If $P^2=P$, then
\begin{align}
\lambda(\lambda-1)I&=\lambda(\lambda-1)I-P(P-I) \\
&=\lambda^2I-\lambda I-P^2+P \\
&=(\lambda^2 I-P^2)-(\lambda I-P) \\
&=(\lambda I-P)(\lambda I+P)-(\lambda I-P) \\
&=(\lambda I-P)((\lambda-1)I+P)
\end{align}
Therefore, the resolvent of $P$ is defined for $\lambda\notin\{0,1\}$ by
\begin{align}
(\lambda I-P)^{-1}=\frac{1}{\lambda(\lambda-1)}((\lambda-1)I+P)
\end{align}
The spectrum can be $\{0\},\{1\},\{0,1\}$.
NOTE: This technique works for any operator $P$ such that $p(P)=0$ for some polynomial $p$, which includes all $n\times n$ matrices because the characteristic polynomial is such a polynomial.
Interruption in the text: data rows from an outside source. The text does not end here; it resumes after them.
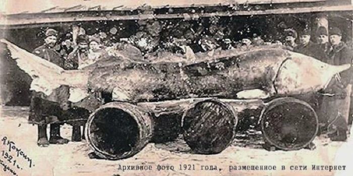 Ещë в 1920-е у нас на Волге ловили настоящих монстров. Сеть буквально пестрит фотографиями огромных белуг, распростëртых у ног гордо позирующих рыбаков.
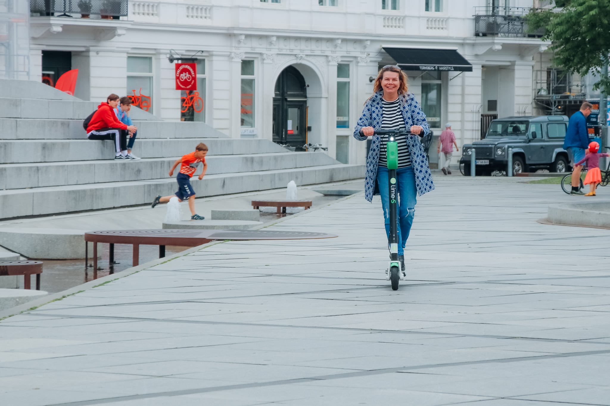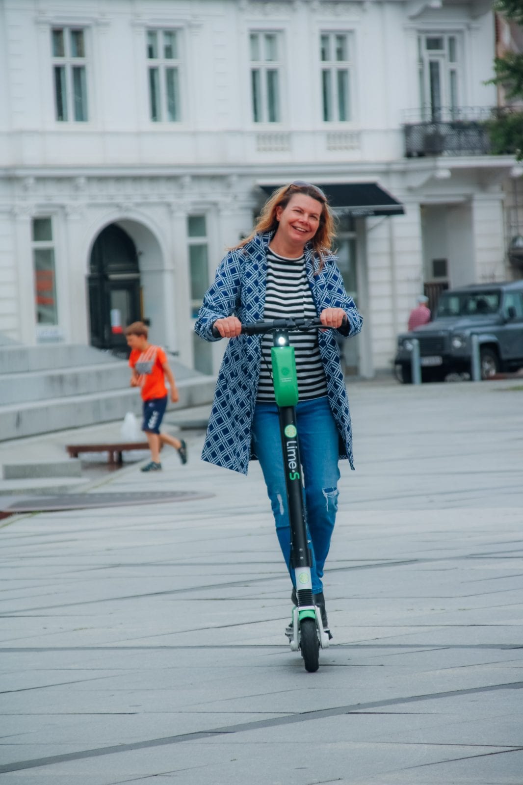 Tier, Lime-S und Voi teilen sich den Markt in der dänischen Hauptstadt auf. Während Voi sich auf das Stadtzentrum konzentriert, agieren die beiden anderen Anbieter auch in den Außenbezirken. Die Idee, überhaupt einmal einen E-Scooter zu nutzen kam von Petra, als wir nachmittags Kopenhagen zu Fuß und per Bus erkundeten. Auf den Bildern sieht man, was für ein Spaß sie damit hatte.
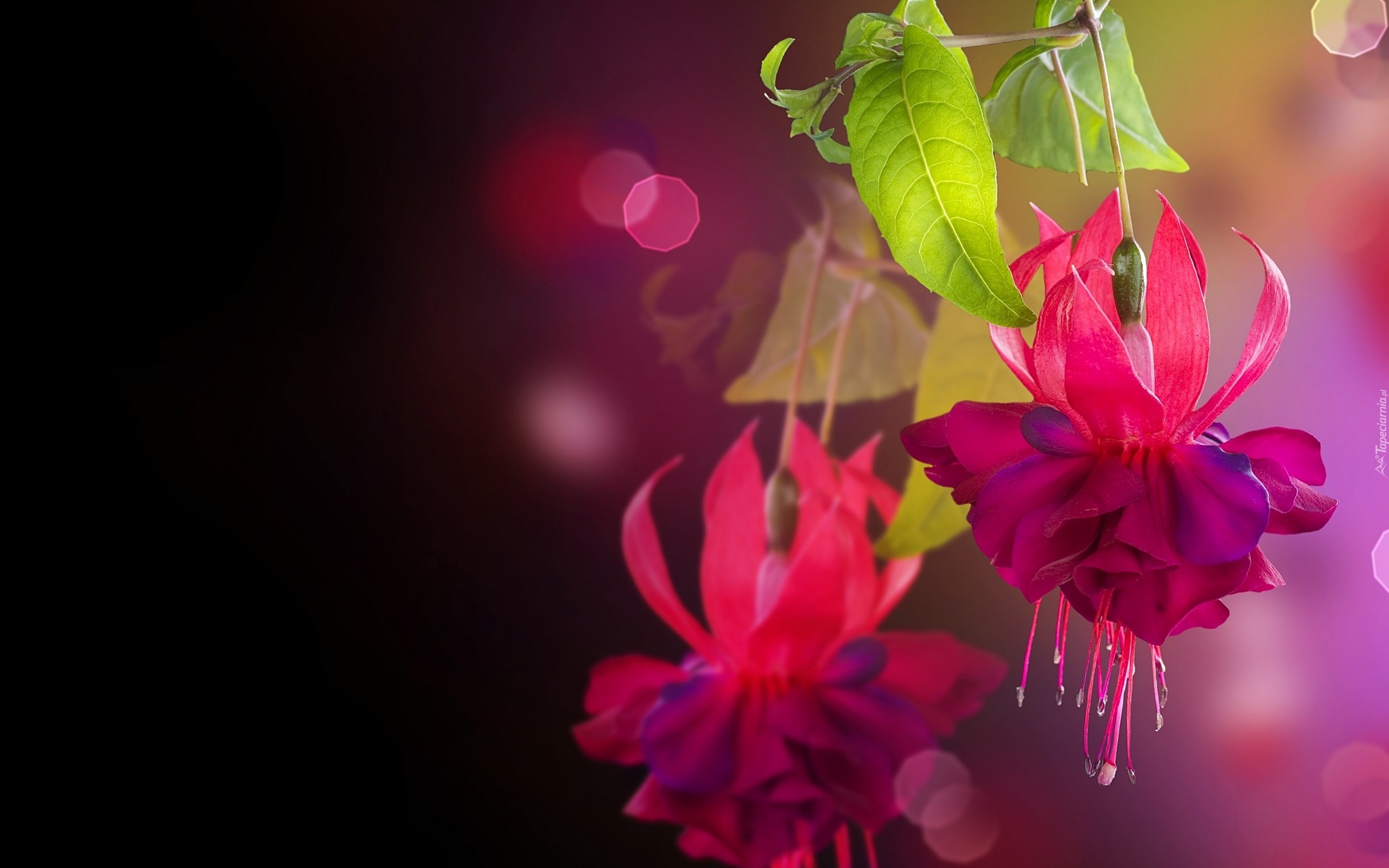 Edytor tapety: Kwiat, Liście, Bokeh, Fuksja

But it also covers operators in infinite dimensions that are annihilated by a polynomial $p(\lambda)$, such as a projection. The technique for finding the resolvent $(\lambda I-A)^{-1}$ amounts to looking at the annihilating polynomial $p$ and writing
$$
p(\lambda)-p(\mu)=(\lambda-\mu)q(\lambda,\mu)
$$
and substituting $\mu=A$, and using $p(A)=0$:
$$
p(\lambda)I = (\lambda I-A)q(\lambda,A) \\
I=(\lambda I-A)\left[\frac{1}{p(\lambda)}q(\lambda,A)\right]=\left[\frac{1}{p(\lambda)}q(\lambda,A)\right](\lambda I-A)
$$
This works for all $\lambda$ for which $p(\lambda)\ne 0$ and gives the two-sided inverse:
$$
(\lambda I-A)^{-1}=\frac{1}{p(\lambda)}q(\lambda,A).
$$
This also works for all matrices over $\mathbb{C}$ by setting $p$ equal to the characteristic or minimal polynomial.